ASSIGNMENT —
With the pictures left out, output the records below exactly.

[Collected data entries]
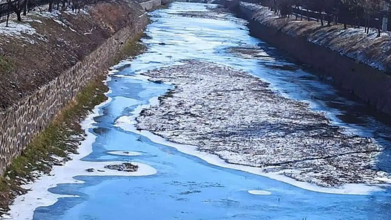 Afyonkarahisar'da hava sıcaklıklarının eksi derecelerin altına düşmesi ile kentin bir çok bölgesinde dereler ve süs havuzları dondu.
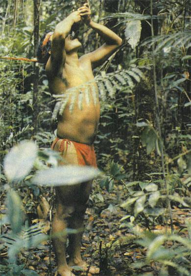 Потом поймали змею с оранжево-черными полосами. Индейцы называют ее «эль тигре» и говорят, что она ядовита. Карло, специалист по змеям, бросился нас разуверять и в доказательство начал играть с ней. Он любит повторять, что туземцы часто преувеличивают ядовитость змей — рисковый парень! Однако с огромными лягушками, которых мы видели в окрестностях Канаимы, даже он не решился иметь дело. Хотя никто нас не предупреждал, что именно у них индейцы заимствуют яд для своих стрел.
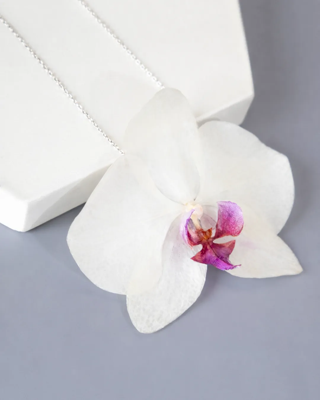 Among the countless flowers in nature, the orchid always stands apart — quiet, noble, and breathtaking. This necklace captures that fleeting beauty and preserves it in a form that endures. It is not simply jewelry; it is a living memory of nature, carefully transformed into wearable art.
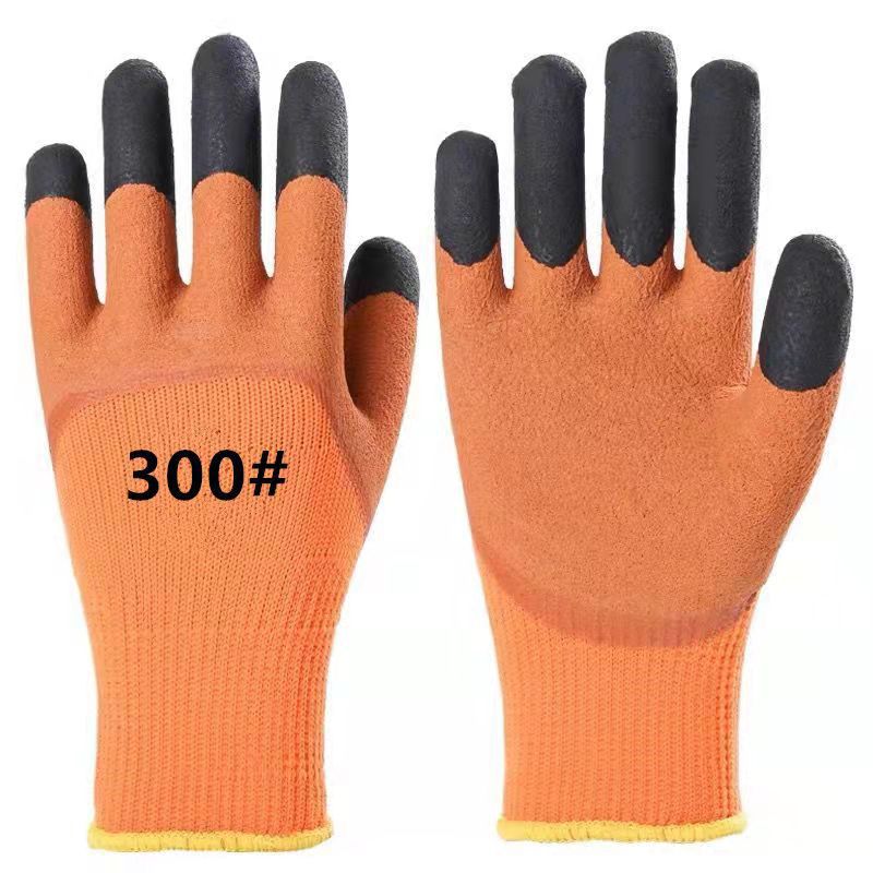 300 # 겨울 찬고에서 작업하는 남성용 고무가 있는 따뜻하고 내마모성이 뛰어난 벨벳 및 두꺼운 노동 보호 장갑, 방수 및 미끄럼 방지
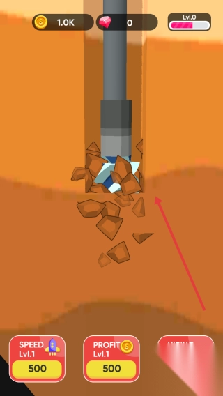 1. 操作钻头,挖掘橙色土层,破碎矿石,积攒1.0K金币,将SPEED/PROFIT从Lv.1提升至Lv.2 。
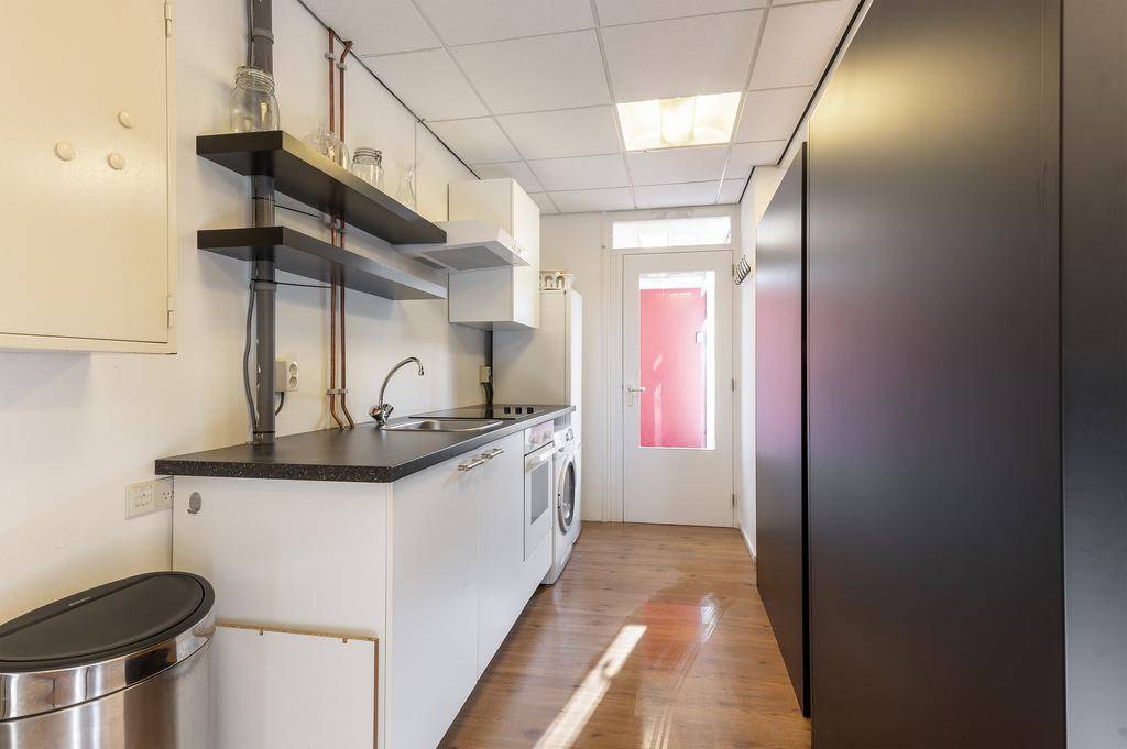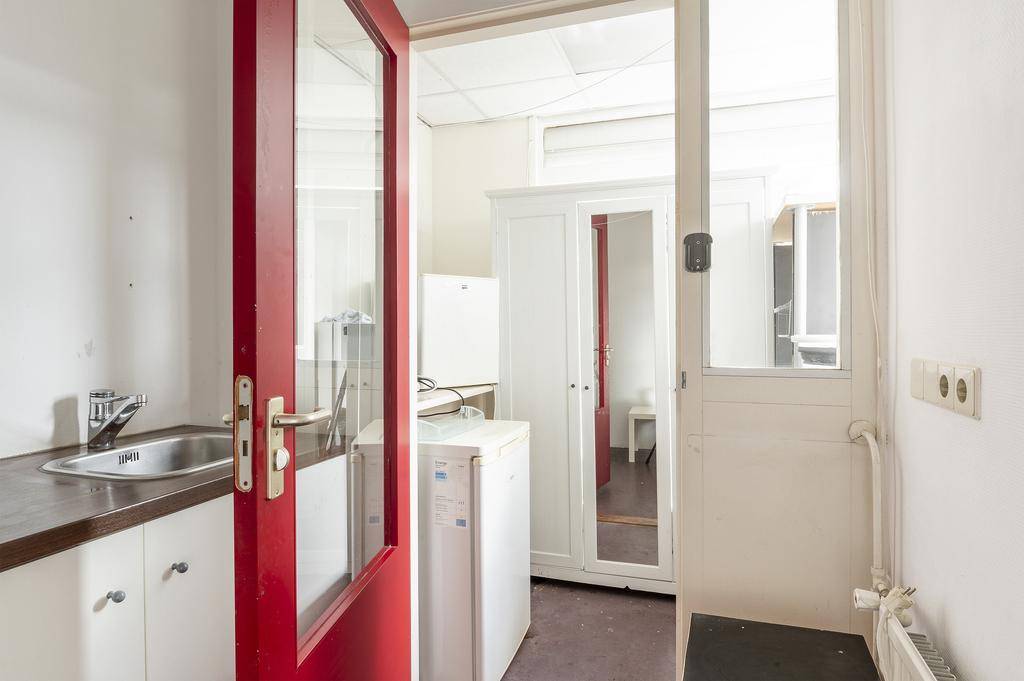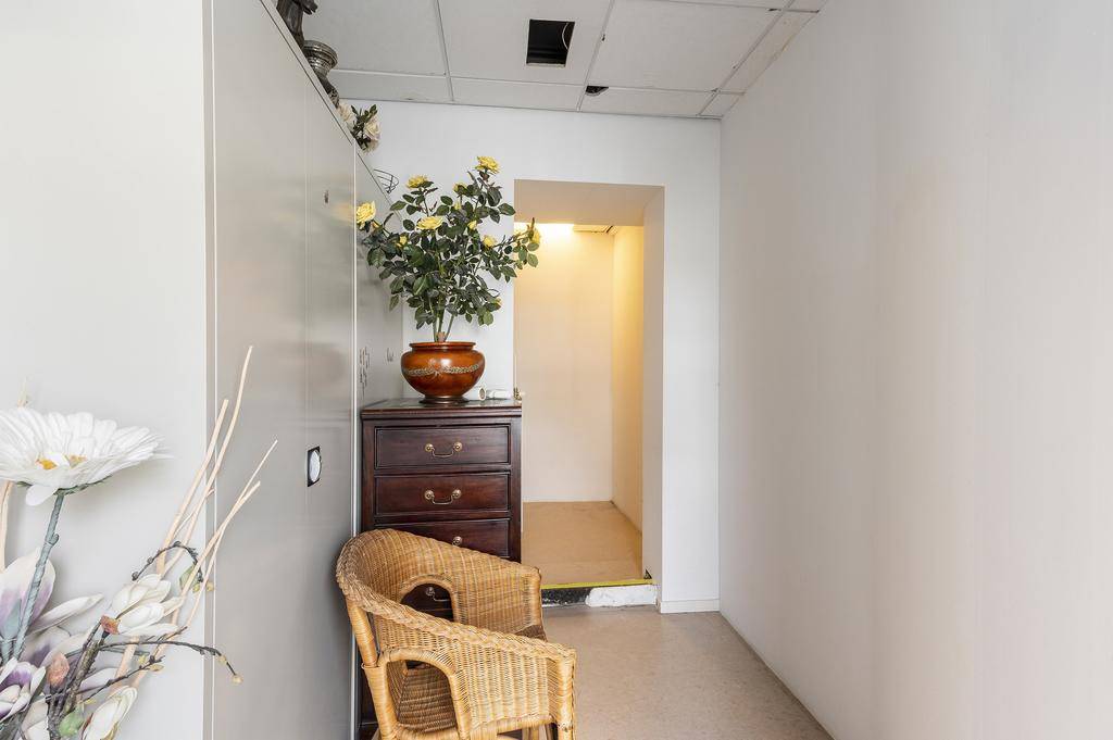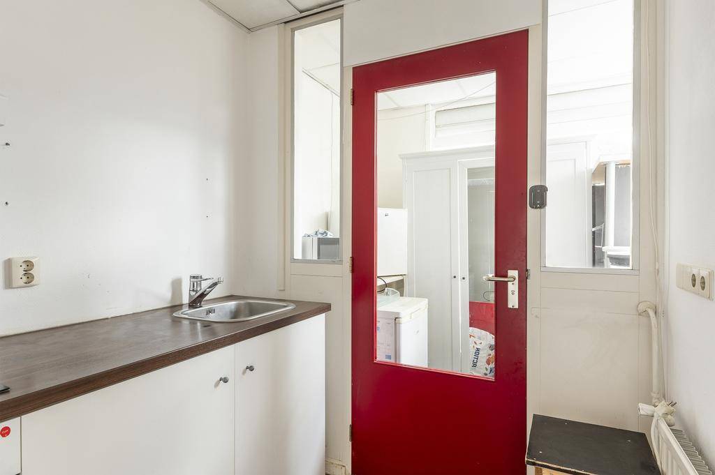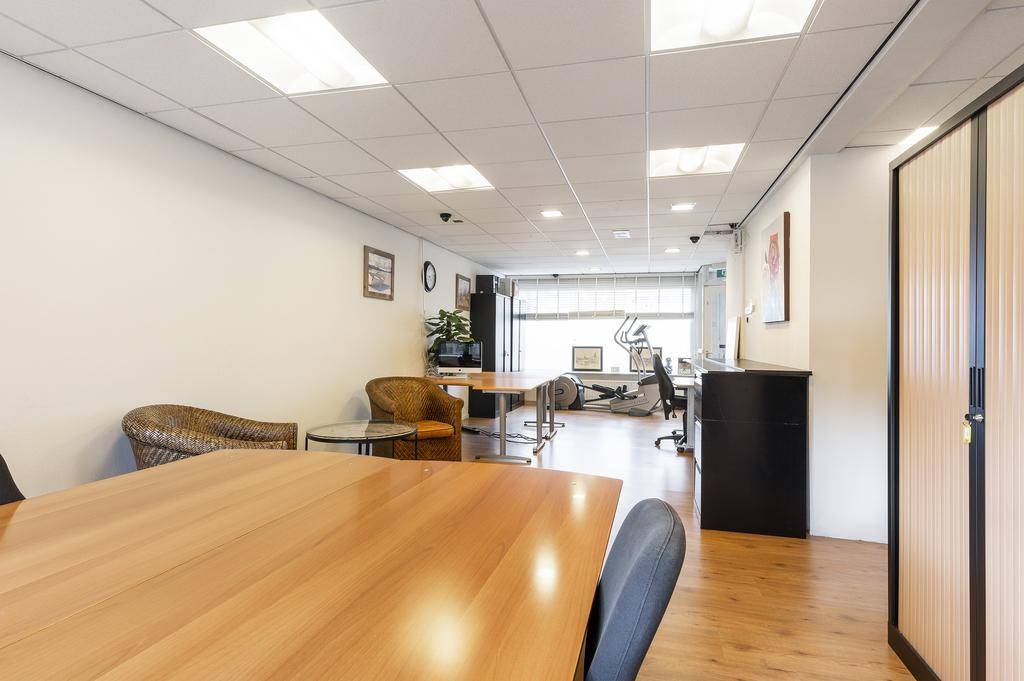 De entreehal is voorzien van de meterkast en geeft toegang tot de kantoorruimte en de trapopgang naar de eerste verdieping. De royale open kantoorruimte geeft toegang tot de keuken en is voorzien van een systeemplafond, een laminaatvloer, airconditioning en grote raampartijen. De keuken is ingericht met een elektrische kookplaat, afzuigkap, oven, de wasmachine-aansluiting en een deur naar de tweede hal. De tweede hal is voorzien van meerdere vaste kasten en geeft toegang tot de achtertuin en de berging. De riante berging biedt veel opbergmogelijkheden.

EXPECTED ANSWER —
 Afyonkarahisar'da hava sıcaklıklarının eksi derecelerin altına düşmesi ile kentin bir çok bölgesinde dereler ve süs havuzları dondu.
 Потом поймали змею с оранжево-черными полосами. Индейцы называют ее «эль тигре» и говорят, что она ядовита. Карло, специалист по змеям, бросился нас разуверять и в доказательство начал играть с ней. Он любит повторять, что туземцы часто преувеличивают ядовитость змей — рисковый парень! Однако с огромными лягушками, которых мы видели в окрестностях Канаимы, даже он не решился иметь дело. Хотя никто нас не предупреждал, что именно у них индейцы заимствуют яд для своих стрел.
 Among the countless flowers in nature, the orchid always stands apart — quiet, noble, and breathtaking. This necklace captures that fleeting beauty and preserves it in a form that endures. It is not simply jewelry; it is a living memory of nature, carefully transformed into wearable art.
 300 # 겨울 찬고에서 작업하는 남성용 고무가 있는 따뜻하고 내마모성이 뛰어난 벨벳 및 두꺼운 노동 보호 장갑, 방수 및 미끄럼 방지
 1. 操作钻头,挖掘橙色土层,破碎矿石,积攒1.0K金币,将SPEED/PROFIT从Lv.1提升至Lv.2 。
 De entreehal is voorzien van de meterkast en geeft toegang tot de kantoorruimte en de trapopgang naar de eerste verdieping. De royale open kantoorruimte geeft toegang tot de keuken en is voorzien van een systeemplafond, een laminaatvloer, airconditioning en grote raampartijen. De keuken is ingericht met een elektrische kookplaat, afzuigkap, oven, de wasmachine-aansluiting en een deur naar de tweede hal. De tweede hal is voorzien van meerdere vaste kasten en geeft toegang tot de achtertuin en de berging. De riante berging biedt veel opbergmogelijkheden.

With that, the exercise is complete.